Luteolysis in the mare: a role for the immune system and gonadotrophins?

Abstract

The luteolytic process in the mare has been left relatively unexplored in recent times, while research has progressed considerably in our other domestic species. The role of the immune system in ovarian function has received increasing attention since the ovulatory process was first compared to an inflammatory reaction. The corpus luteum is highly vascular and hence large numbers of white blood cells circulate through it at all times. In addition resident populations of different immune cells have been identified in the CL of a number of different species throughout the oestrous cycle, with variations in these populations reported in association with key events such as ovulation and luteolysis. Initially attention focused on macrophages, whose only involvement was thought to be in clearing up damaged cells during structural regression. However, studies on other inflammatory cell populations have revealed that some of these, particularly lymphocytes, also vary with stage of the oestrous cycle, suggesting that they may play physiological roles in functional regression.

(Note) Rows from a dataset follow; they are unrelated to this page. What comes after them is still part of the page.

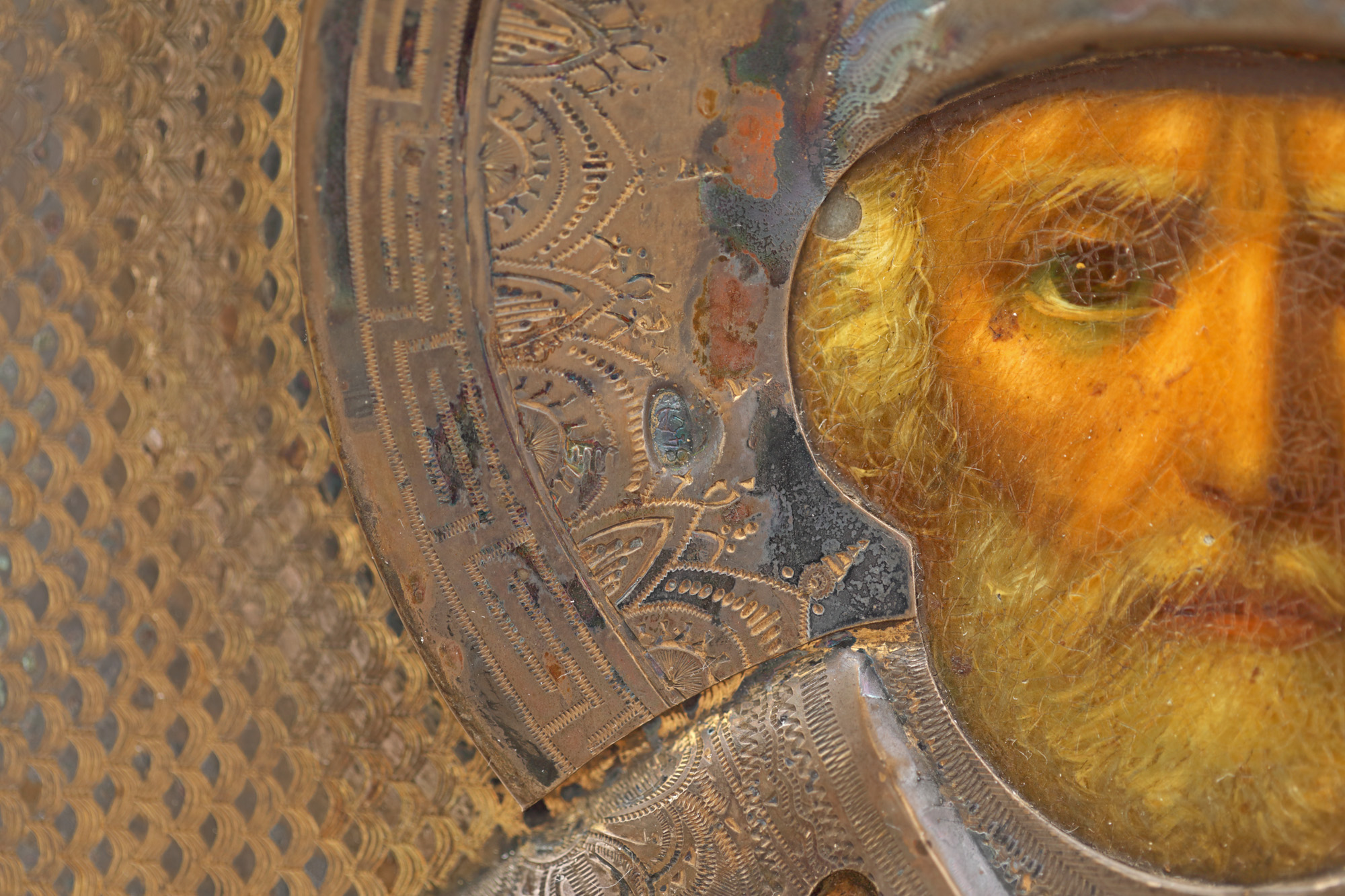 ulei pe lemn, argint aurit 875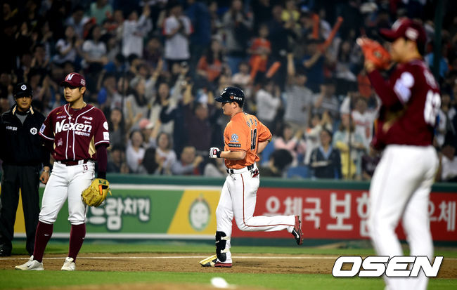 3회말 무사 1루에서 한화 이성열이 넥센 한현희를 상대로 투런포를 날리고 그라운드를 돌고 있다.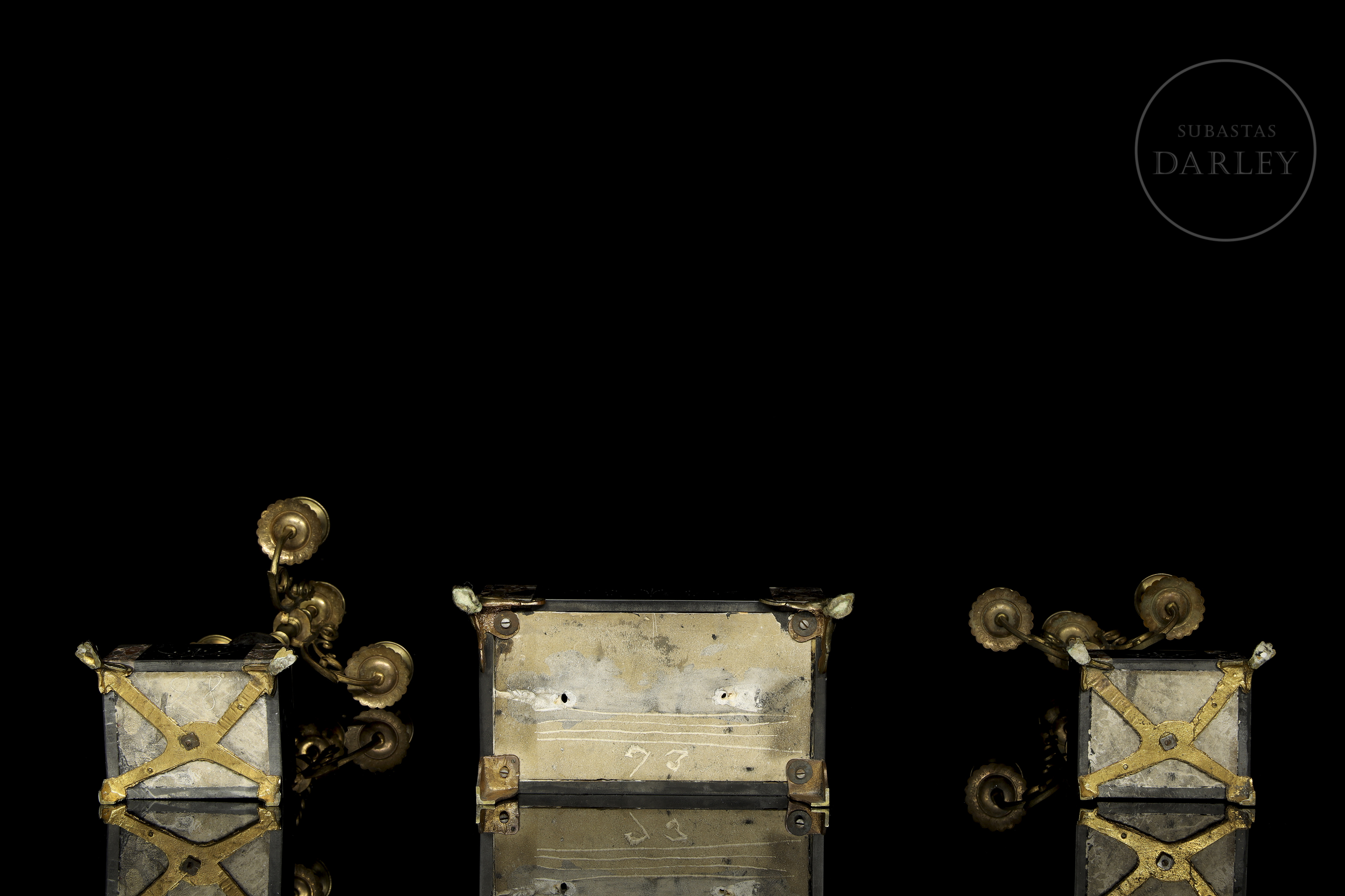 Medidas reloj: 47 x 14,4 x 25 cm; Medidas candelabros: 45 x 11 x 13,5 cm (x2).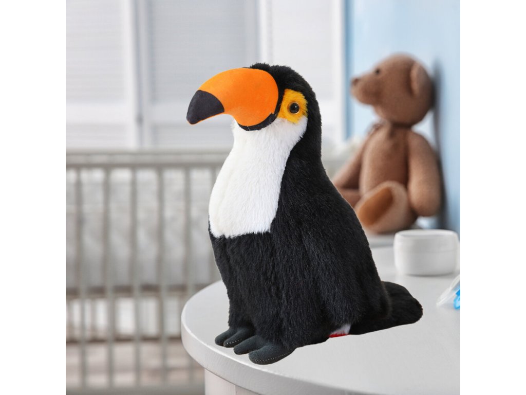 Plyšový vták tukan objíma biely 35cm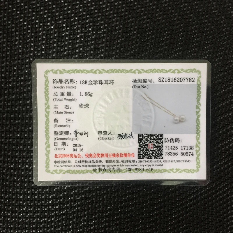 Пожалуйста, обратите внимание: все наши ювелирные изделия имеют стандарт NGTC CCGTC с сертификатом идентификации, но посылка доставки не включает сертификат идентификации, если вам нужен NGTC или CCGTCИдентификационный сертификат, пожалуйста, добавьте 5 долл. США/шт. для этого, это будет оплачено в Национальный центр тестирования драгоценных камней. Спасибо. Ниже показаны ceretificate для клиента.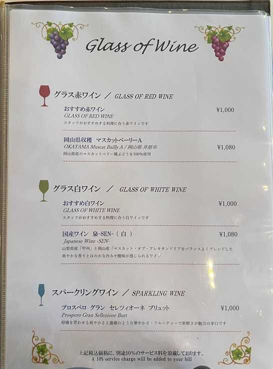お店のかたは、あっさりしている国産ワインということで、通好みではないとおっしゃってはいましたが、、、、気分はロゼだったので、それに近そうな岡山県収穫、マスカットベーリーAのグラスワインをチョイス。美しい水色。ぶどうらしい風味がしました。奥はフランス産のワイン。飲ませてもらいましたが、コクがあり、いかにもフランスの赤ワインという感じがしました。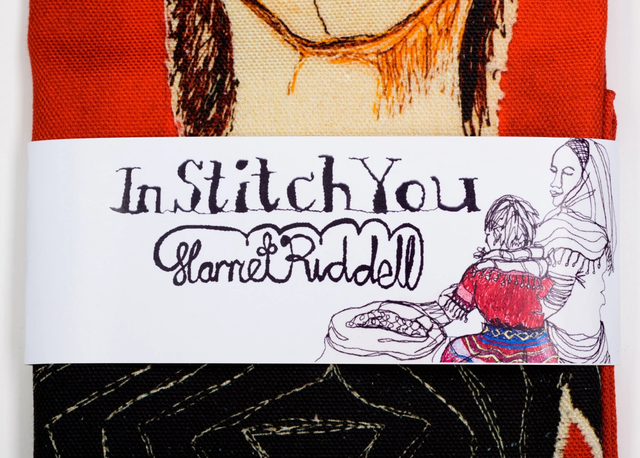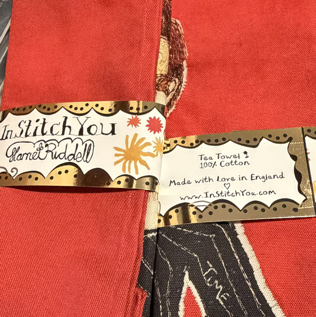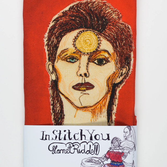 A David Bowie portrait created with machine embroidery printed on a tea towel. Beautiful vibrant colours and an excellent print for the wall or your dishes!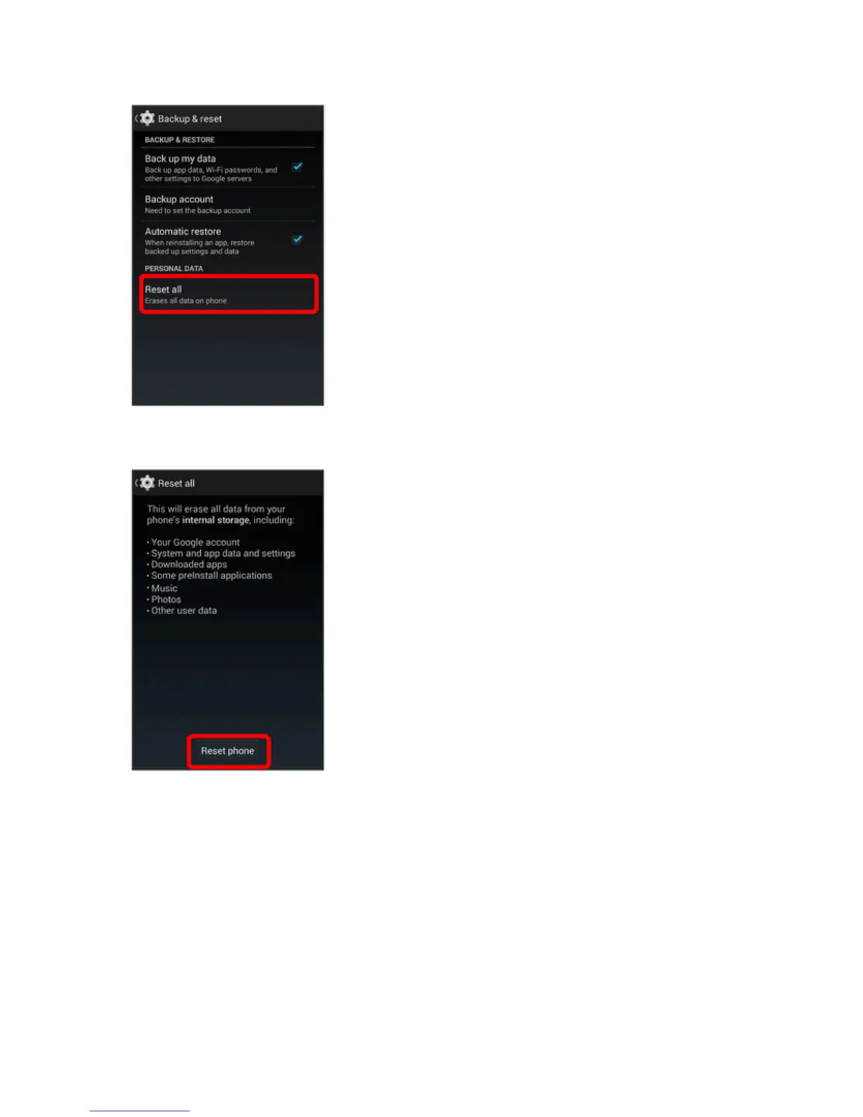 2. ReadtheresetallinformationpageandtouchReset phone.

We investigated the presence, and changes in numbers, of populations of inflammatory cells in the equine CL at different stages of the oestrous cycle, after exogenous PGF2a administration to artificially induce luteolysis, and in early pregnancy. As found in other species, populations of cells did vary with stage of the cycle, and the selective infiltration of cytotoxic T -cells identified prior to functional luteolysis may indicate a role for them in this process. Changes in MHC class II expression by luteal cells, which could potentially instigate an immune reaction, were not identified in our study. Investigation of the chemoattractant properties of luteal tissue taken at comparable time -points, revealed that even by day 12 -14 of the cycle leucocytes were attracted to the CL. This increased after functional luteolysis, especially with regard to mononuclear cells, while PGF2a- treated tissue expressed even greater attractant activity. The identity of the chemoattractants was not determined, although collagen or collagenases may play a minor role.

Administration of GnRH analogues to cattle in dioestrus has been reported to prolong luteal function, and improve pregnancy rates to the preceding insemination. In attempting to create a model for prolonged luteal function in the mare, a GnRH analogue was administered, and endocrine and ovarian responses monitored. Treatment had no significant effect on oestrous cycle length, progesterone levels, or follicular dynamics. It did however significantly reduce oestradiol levels compared to control cycles. This may reflect altered folliculogenesis, which, in turn, could affect luteolysis. This was not detected in our study, and therefore did not provide us with a model for prolonged luteal function.

Treatment of mares with a GnRH antagonist during dioestrus has previously been found to attenuate progesterone levels, and cause premature luteolysis in treated animals, indicating a role for LH in supporting equine luteal function. We further investigated the role of gonadotrophins in equine luteal function by identifying and localising LH receptor mRNA expression in equine follicles and CL by in situ hybridisation. Expression was maintained in CL until functional luteolysis, after which it was considerably reduced. mRNA levels also remained high in CL of early pregnancy, while PGF2a treatment had varying results.

These findings demonstrate that cells of the immune system are potential key players in functional luteolysis in the mare, although their precise role requires further clarification. We have also shown that the CL produces chemoattractants to signal to these cells at the appropriate time, although the nature of these substances needs additional investigation. Gonadotrophins have also been identified as significant in luteal function, and our studies have indicated a means by which they may affect luteolysis. In addition we have definitively identified and localised sites of LH receptor mRNA in equine follicles and CL. More detailed studies of receptor expression in follicle populations prior to ovulation, and in different luteal cell populations, would help to further our knowledge of the equine CL, its formation and functions.